# Data
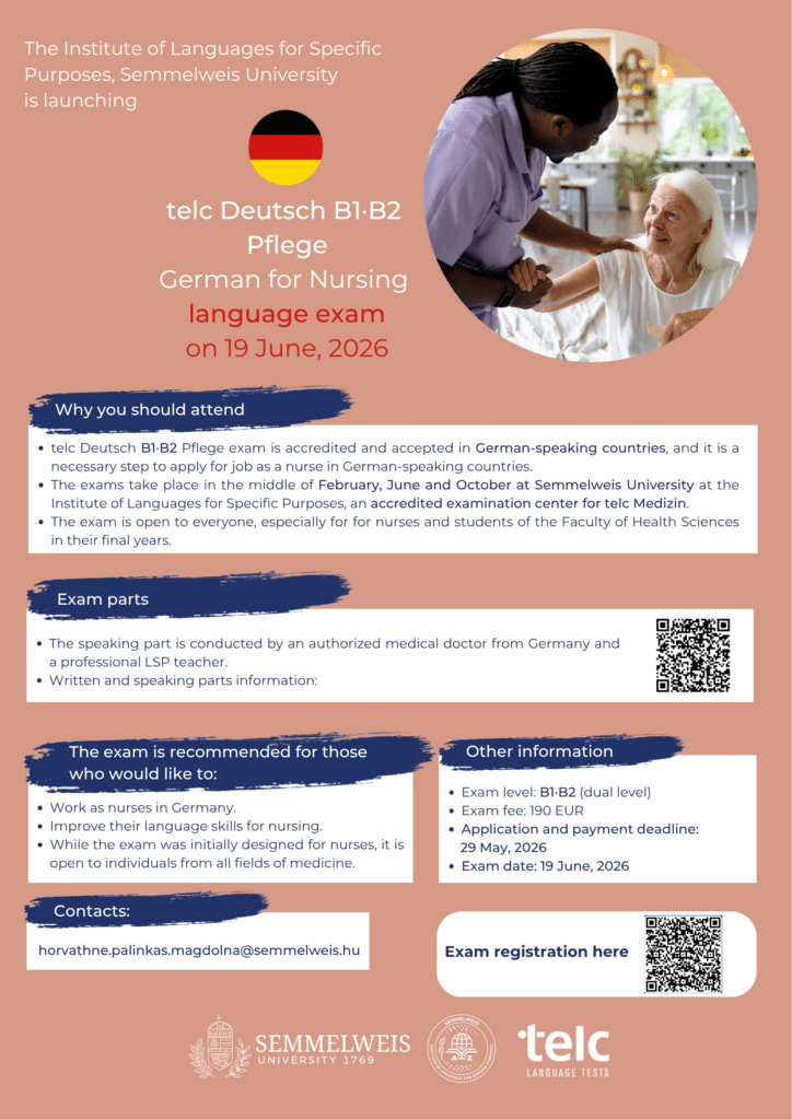 telc Deutsch B1·B2 Pflege German for Nursing language EXAM organised by the Institute of Languages for Specific Purposes
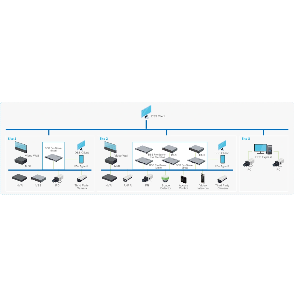 - Масштабируемая архитектура, простое расширение. Благодаря распределенной конфигурации вы можете легко увеличить количество поддерживаемых каналов до 20 000 и емкость централизованного хранилища до 4 петабайт. Мультисерверная конфигурация позволяет вам объединить множество платформ DSS и удобно работать с ними через одно клиентское приложение на ПК. Вы можете просматривать видео в реальном времени и в архиве, отслеживать события в реальном времени и в архиве, а также иметь доступ ко многим другим функциям.
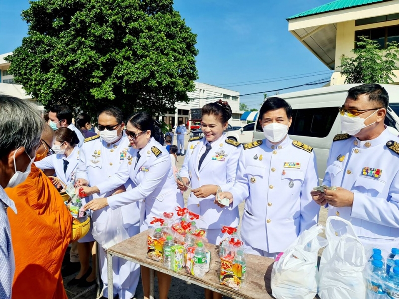 พนักงานส่วนตำบลผู้นำชุมชน ร่วม พิธีทำบุญตักบาตรถวายเป็นพระราชกุศล
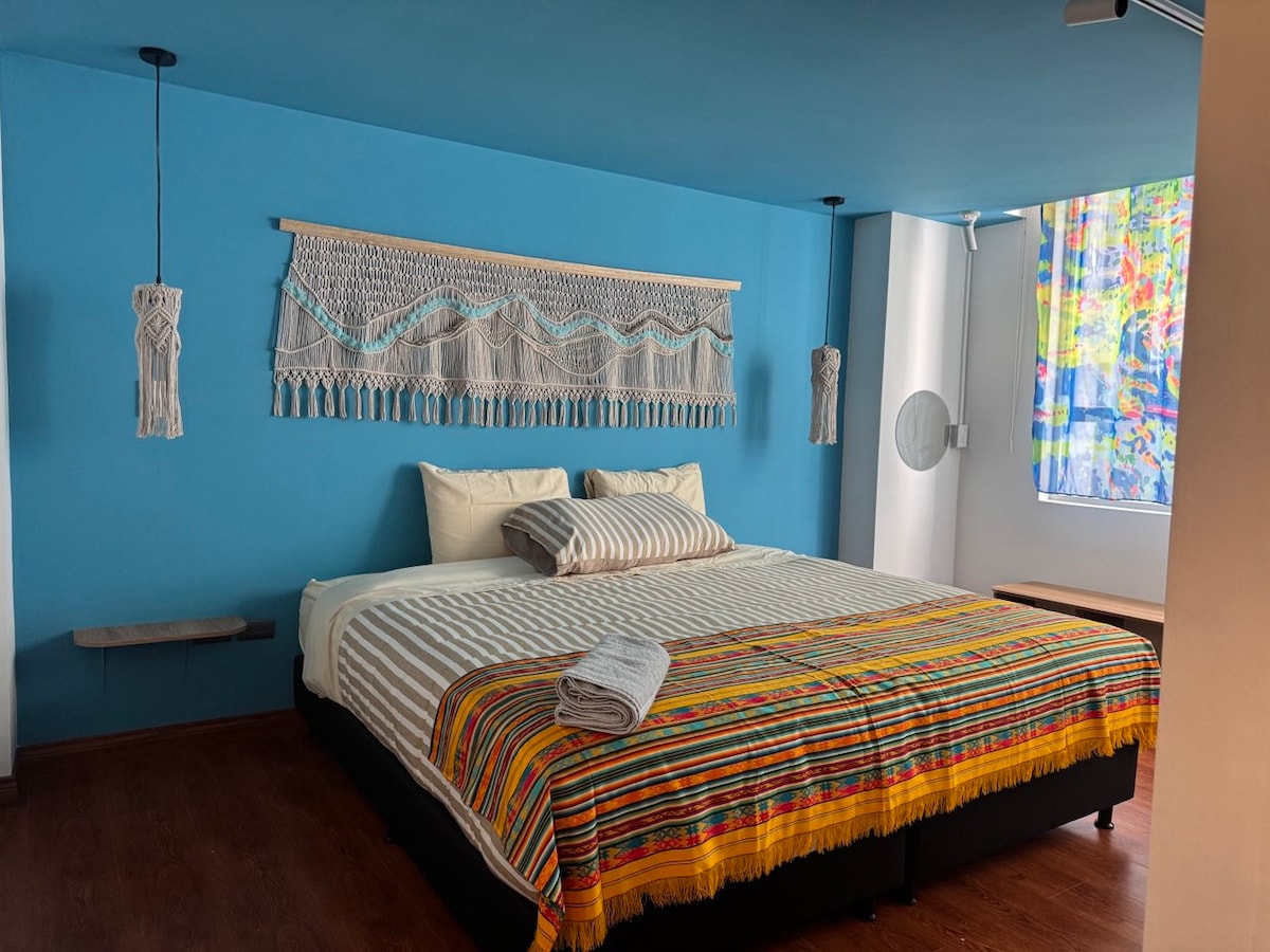 Apartment located near several restaurants. A 15-minute walk to the city center, in the San Ignacio neighborhood, just a few blocks from the Unicentro Shopping Mall. Water-themed design, high-quality beds and linens, modern building. 500 Mbps internet with a workspace, full kitchen. We don't have a TV, but we do have plenty of books and board games for you to connect with your roommates.
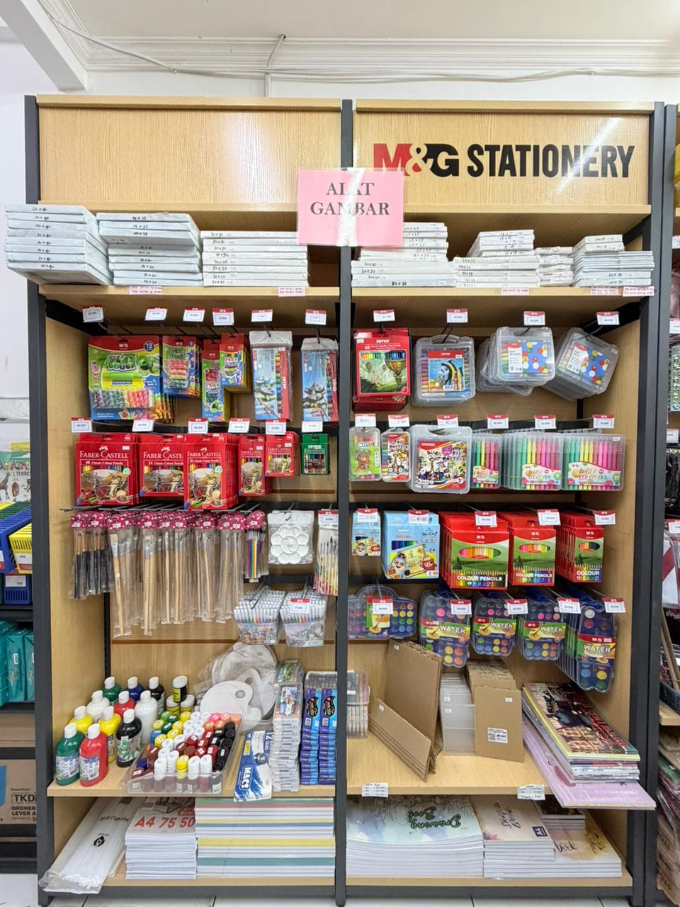 ATK super komplit, dari kebutuhan sekolah hingga perlengkapan kantor.
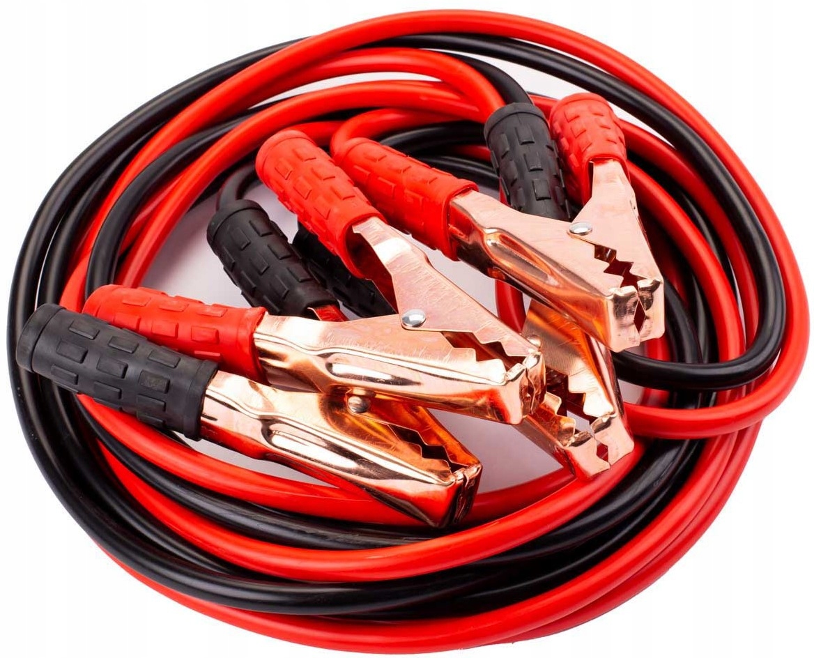 - Набір містить два кабелі, довжиною 4 метри кожен, двох кольорів (чорний і червоний), закінчені суцільними широкорозкритими затискачами
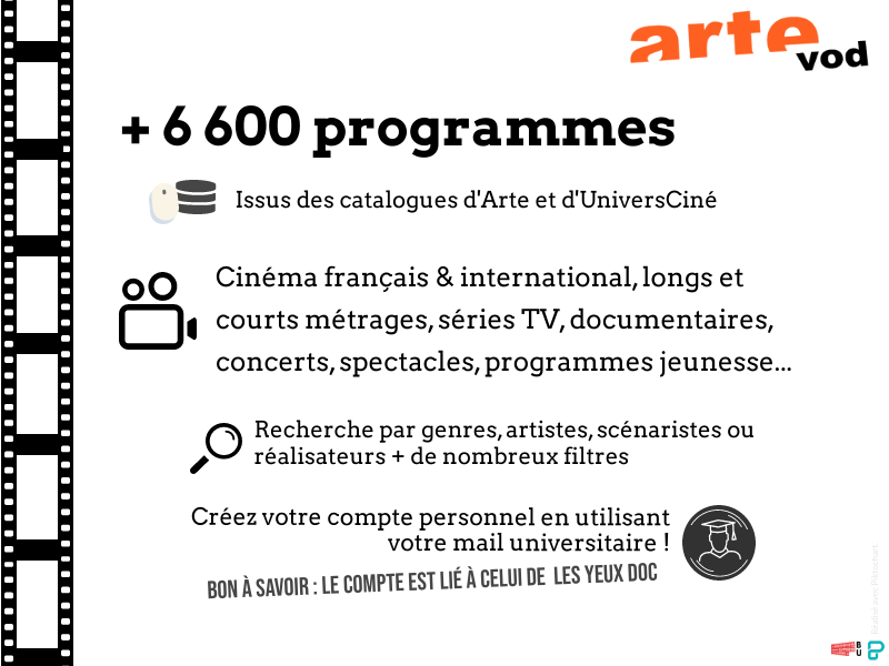 Plateforme proposant 6 600 films issus du catalogue d'ARTE et d'UniversCiné: sélection de cinéma français et international en longs et courts métrages, séries TV, documentaires, concerts.. Découvrez-la par genres, artistes (onglet "catalogue") ou réalisateurs (onglet "Cinetek"). Inscrivez-vous sur la plateforme pour en profiter. Si vous êtes déjà inscrit sur les Yeux doc, vous aurez accès à l'un comme à l'autre service.
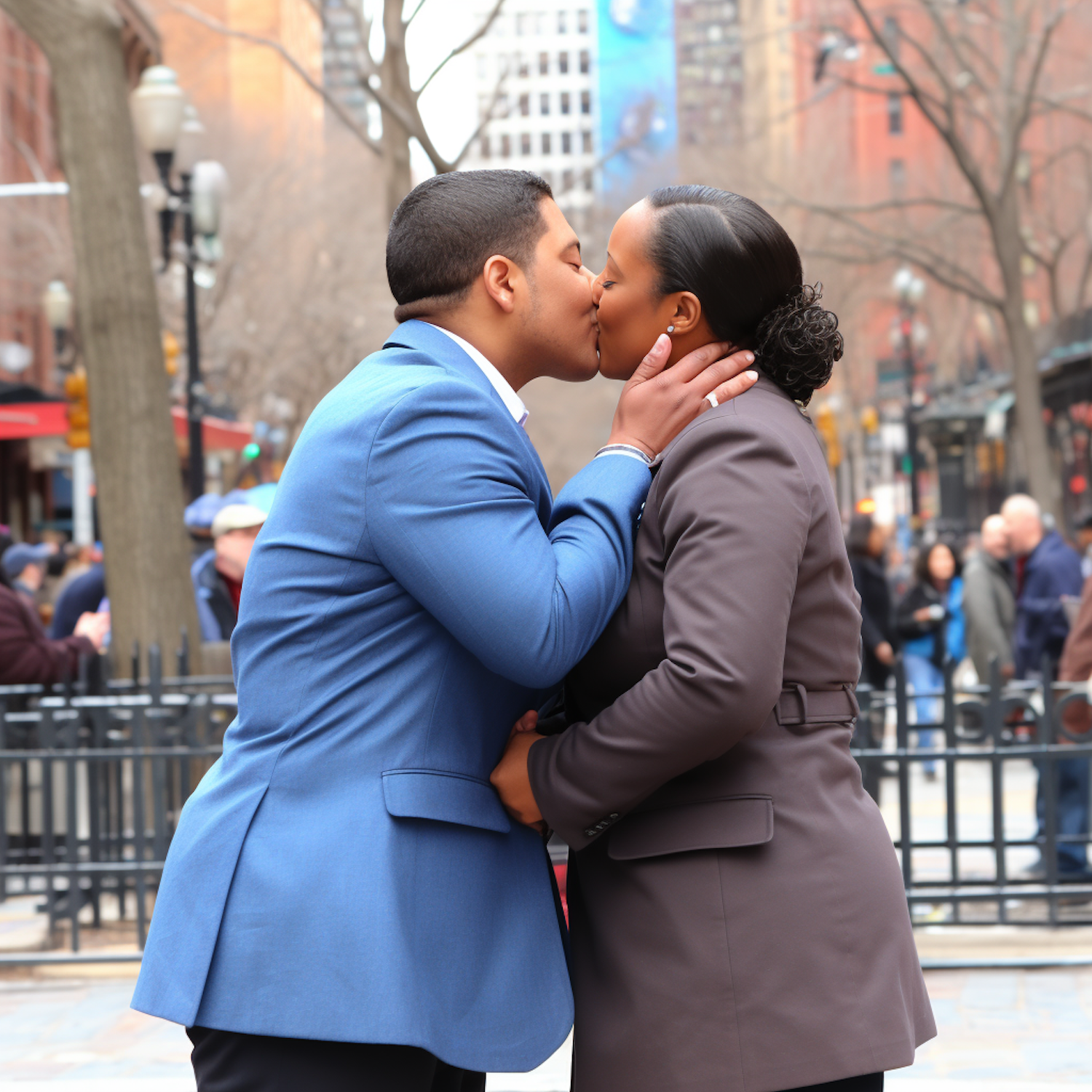 A couple shares a romantic kiss in a bustling city street, surrounded by blurred pedestrians and urban buildings.

# Required work
What I need is every record written out exactly, minus the pictures.

# Exercise answer
 telc Deutsch B1·B2 Pflege German for Nursing language EXAM organised by the Institute of Languages for Specific Purposes
 - Масштабируемая архитектура, простое расширение. Благодаря распределенной конфигурации вы можете легко увеличить количество поддерживаемых каналов до 20 000 и емкость централизованного хранилища до 4 петабайт. Мультисерверная конфигурация позволяет вам объединить множество платформ DSS и удобно работать с ними через одно клиентское приложение на ПК. Вы можете просматривать видео в реальном времени и в архиве, отслеживать события в реальном времени и в архиве, а также иметь доступ ко многим другим функциям.
 พนักงานส่วนตำบลผู้นำชุมชน ร่วม พิธีทำบุญตักบาตรถวายเป็นพระราชกุศล
 Apartment located near several restaurants. A 15-minute walk to the city center, in the San Ignacio neighborhood, just a few blocks from the Unicentro Shopping Mall. Water-themed design, high-quality beds and linens, modern building. 500 Mbps internet with a workspace, full kitchen. We don't have a TV, but we do have plenty of books and board games for you to connect with your roommates.
 ATK super komplit, dari kebutuhan sekolah hingga perlengkapan kantor.
 - Набір містить два кабелі, довжиною 4 метри кожен, двох кольорів (чорний і червоний), закінчені суцільними широкорозкритими затискачами
 Plateforme proposant 6 600 films issus du catalogue d'ARTE et d'UniversCiné: sélection de cinéma français et international en longs et courts métrages, séries TV, documentaires, concerts.. Découvrez-la par genres, artistes (onglet "catalogue") ou réalisateurs (onglet "Cinetek"). Inscrivez-vous sur la plateforme pour en profiter. Si vous êtes déjà inscrit sur les Yeux doc, vous aurez accès à l'un comme à l'autre service.
 A couple shares a romantic kiss in a bustling city street, surrounded by blurred pedestrians and urban buildings.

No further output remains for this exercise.